The general idea is good, but a Python / GUI session may not be as responsive as long as the background import thread is removed; unfortunately, import inherently and inevitably “blocks” Python significantly (this is not only GIL, there is a special additional lock for import).
It is still worth a try, as it can make things a little better - it is also very simple, since Queue are thread safe and, apart from Queue put and get , all you need is basically __import__ . However, do not be surprised if this does not help, and you still need additional skill.
If you have a disk that is inherently very fast, but with limited space, for example, a "RAM disk" or especially bright, solid-state, it might be worth saving the necessary packages in .tar.bz2 (or another archive form) and unpack it to a fast disk when the program starts (which, in fact, is just an I / O, and therefore it will not block the situation much - I / O operations quickly release the GIL), and it is also especially easy to delegate to a subprocess running tar xjf or the like )

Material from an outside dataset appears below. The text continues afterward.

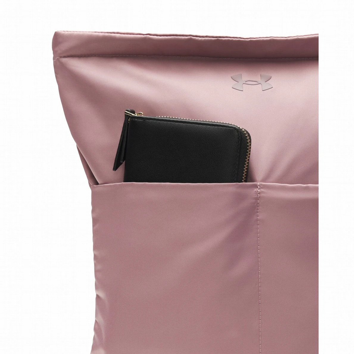 Mochila Studio Lite para mujer de la marca Under Armour con un amplio compartimento principal con cierre de cremallera y organización interna y una funda acolchada para tu teléfono y portátil o tableta (admite hasta una MacBook Pro® de 16"). La cremallera está equipada con una banda elásticaque se puede utilizar, por ejemplo, en el pelo.

If some import slowness is associated with a huge number of .py/.pyc/.pyo , you should try to save them (only in the form of .pyc , not like .py )). zipfile and import from there (but it only helps with I / O overhead, depending on your OS, file system and disk: it doesn’t help with delays due to loading huge DLLs or executing initialization code in packages at boot time, which I suspect that it’s rather the culprits of slowness).
You can also consider splitting the application into multiprocessing - again using Queues (but a multiprocessor view) for communication - so that both the import and some heavy calculations are delegated to several auxiliary processes and thus be made asynchronous (this can also help to fully use several cores immediately). I suspect that, unfortunately, it can be difficult to properly configure for visualization tasks (for example, you are supposedly doing it with Mayavi), but it can help if you also have some “clean heavy computing” packages and tasks.